1 files changed, 8 insertions, 7 deletions

diff --git a/Documentation/admin-guide/hw-vuln/spectre.rst b/Documentation/admin-guide/hw-vuln/spectre.rst
index b70b1d8bd8e657..3cf18e4a1d9ab2 100644
--- a/Documentation/admin-guide/hw-vuln/spectre.rst
+++ b/Documentation/admin-guide/hw-vuln/spectre.rst
@@ -439,11 +439,11 @@ The possible values in this file are:
    - System is protected by retpoline
  * - BHI: BHI_DIS_S
    - System is protected by BHI_DIS_S
- * - BHI: SW loop; KVM SW loop
+ * - BHI: SW loop, KVM SW loop
    - System is protected by software clearing sequence
  * - BHI: Syscall hardening
    - Syscalls are hardened against BHI
- * - BHI: Syscall hardening; KVM: SW loop
+ * - BHI: Syscall hardening, KVM: SW loop
    - System is protected from userspace attacks by syscall hardening; KVM is protected by software clearing sequence
 
 Full mitigation might require a microcode update from the CPU
@@ -666,13 +666,14 @@ kernel command line.

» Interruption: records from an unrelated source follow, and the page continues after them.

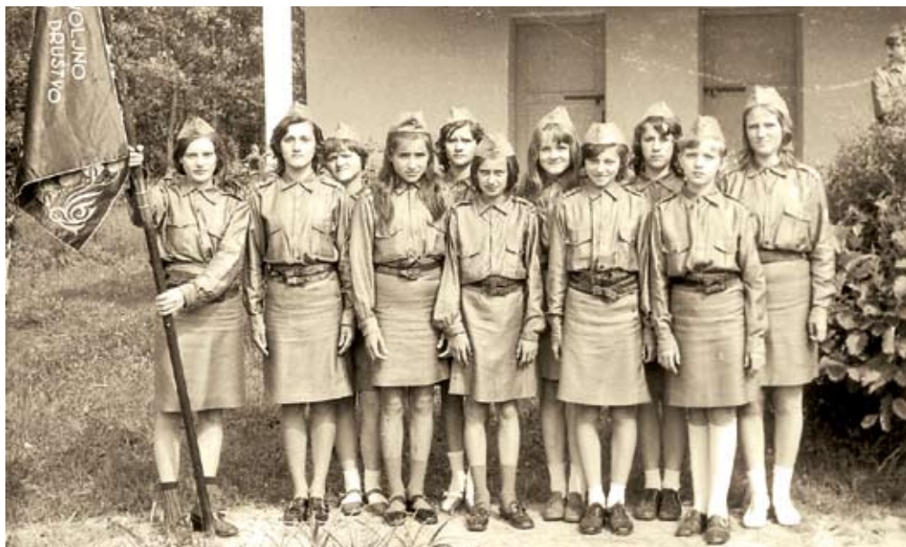
Desetina pionirk leta 1972
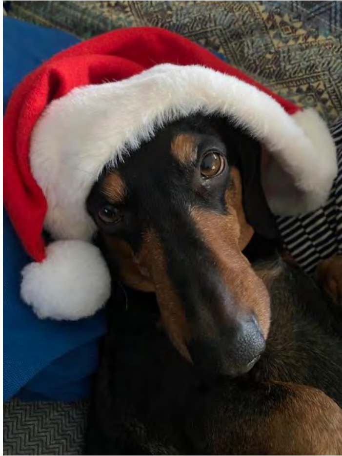
GOLIA Ex RescueBoyBPP
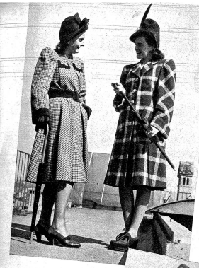
Sportmäntel aus der Frühjahrskollektion der Firma Rüfenacht & Heuberger AG. Bern
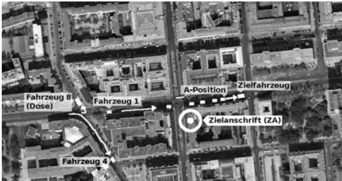
Abb. 6: Bewegung mit Auto. Das ZF kommt von einer Fahrt zurück in den Nahbereich der ZA. Es ist noch nicht klar, ob das ZF vorbeifahren oder einparken wird, eine Rückkehr zur ZA scheint aber wahrscheinlich. Die meisten Observationsfahrzeuge bleiben hinter dem ZF im fließenden Verkehr. Fahrzeug 4 schert aus und versucht, sich schon einmal ein gutes Plätzchen an der ZA zu verschaffen um das Eintreffen der ZP beobachten zu können. Fahrzeug 1 hat sich ans Ende der Kolonne fallen lassen, weil es der ZP früher am Tage aufgefallen sein könnte. Fahrzeug 8 (Dose) spekuliert darauf, dass die ZP nach Hause will und fährt zu seinem früheren Parkplatz.
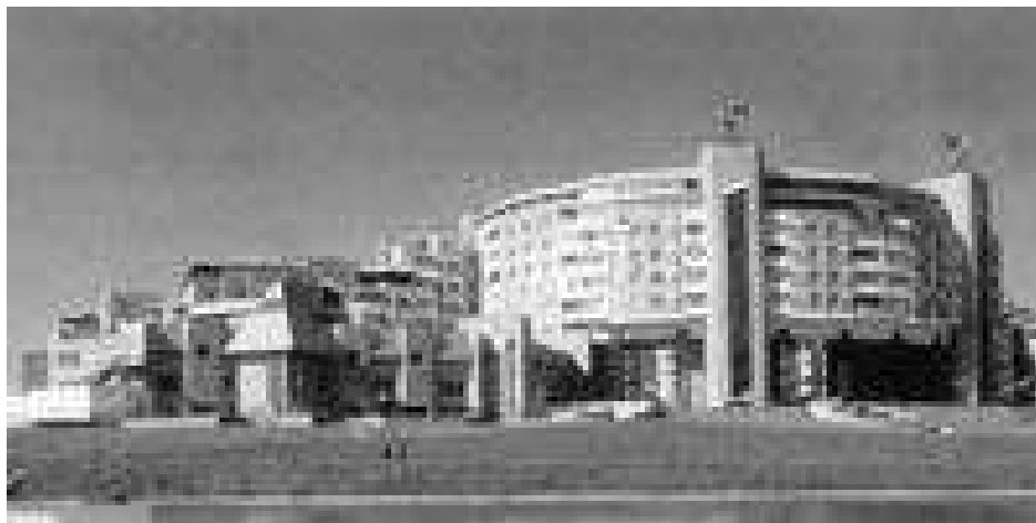
Рис. 6. Житловий комплекс «Синій Птах», Москва.

Житловий комплекс «Синій Птах», (Москва, 1997р.), розміщений в район комфортного проживання у 5-му мікрорайоні Північний Бутовий. Комплекс складається з житлових будинків змінної (4-10) поверховості та 22-поверхового будинку. Окрім житлових корпусів комплекс включає дитячий сад на 60 місць, школу із спортивним ухилом на 500 місць підземний двоповерховий гараж на 309 машиномісць, а також магазини, кафе і ресторани. (рис. 6). В цьому комплексі апробована схема створення забудовником кондомініуму.
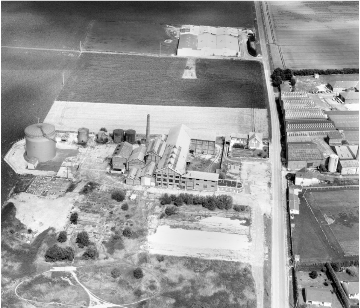
Vue aérienne, flanc ouest.
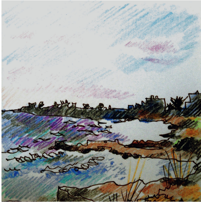
Le 2, 8 h. Plakakia, les vagues
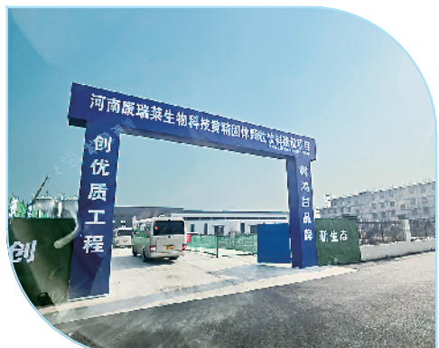
河南康瑞莱生物科技有限公司黄精固体颗粒饮料生产建设项目。
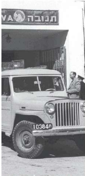
הקבוצים צריכים לבחון כל הזמן את האלטרנטיב
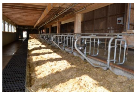
Les longues arceaux de séparation sont parfaitement conformes aux besoins des animaux
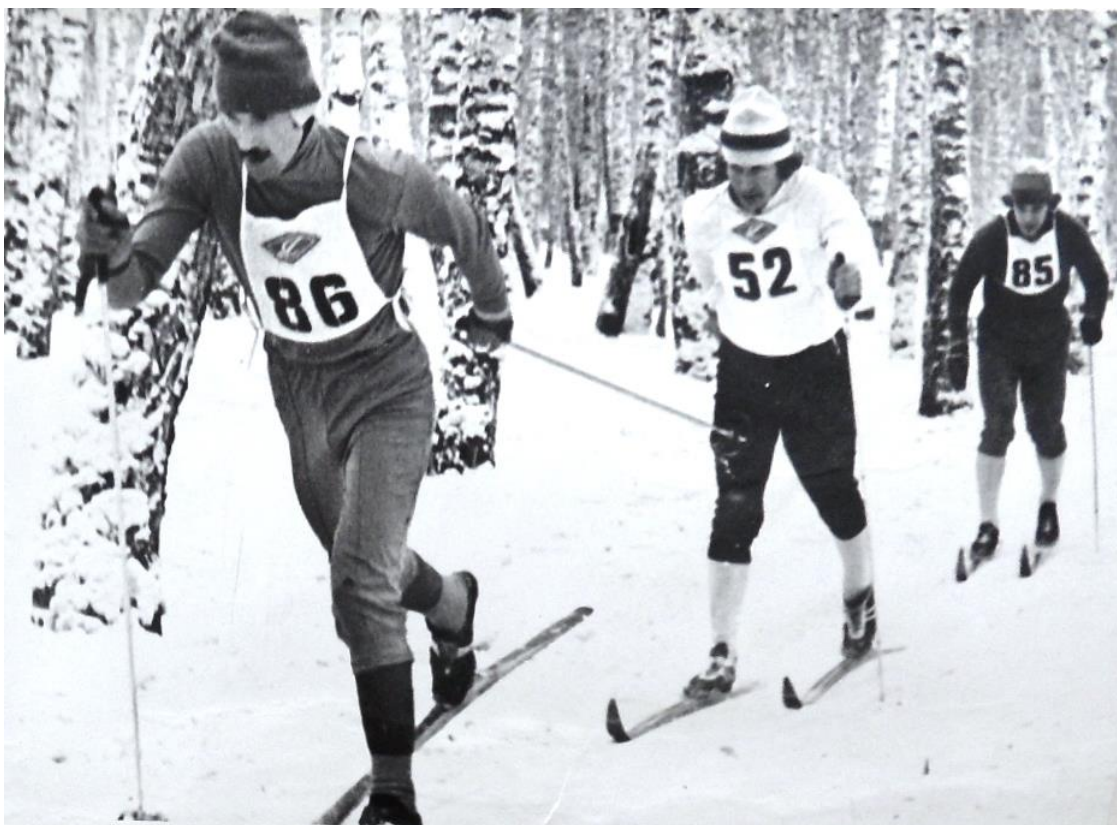
Физкультурники ДСО «Труд» на лыже ГТО, Красноярск, 1976 г.
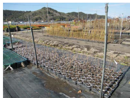
回収後の苗木(クヌギ・コナラ)

回収した苗木は、生分解性ポット(裏面「豆知識」参照)に植替えをし、引き続き植樹祭に向けて育成しています。
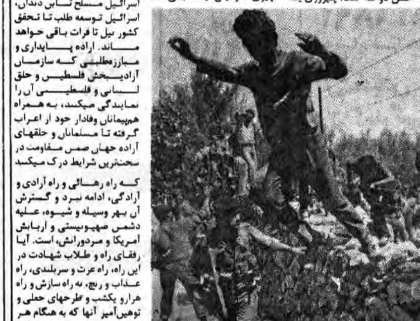
شهادت. خلق فلسطین مشتاق آزادی

شروط آرا گوئی در این و آن کشور و در زیر سلطه این و آن رژیم، از شصت سال پیش توستاست ارزشها و اصول خویش را با خون غسل دهد تا اینکه بصورت خلقی شهید درآمد و با بصورت خلقی که چشمه برای حروج از حس دوخته است: پیروزی یا

 		of the HW BHI control and the SW BHB clearing sequence.
 
 		on
-			unconditionally enable.
+			(default) Enable the HW or SW mitigation as
+			needed.
 		off
-			unconditionally disable.
+			Disable the mitigation.
 		auto
-			enable if hardware mitigation
-			control(BHI_DIS_S) is available, otherwise
-			enable alternate mitigation in KVM.
+			Enable the HW mitigation if needed, but
+			*don't* enable the SW mitigation except for KVM.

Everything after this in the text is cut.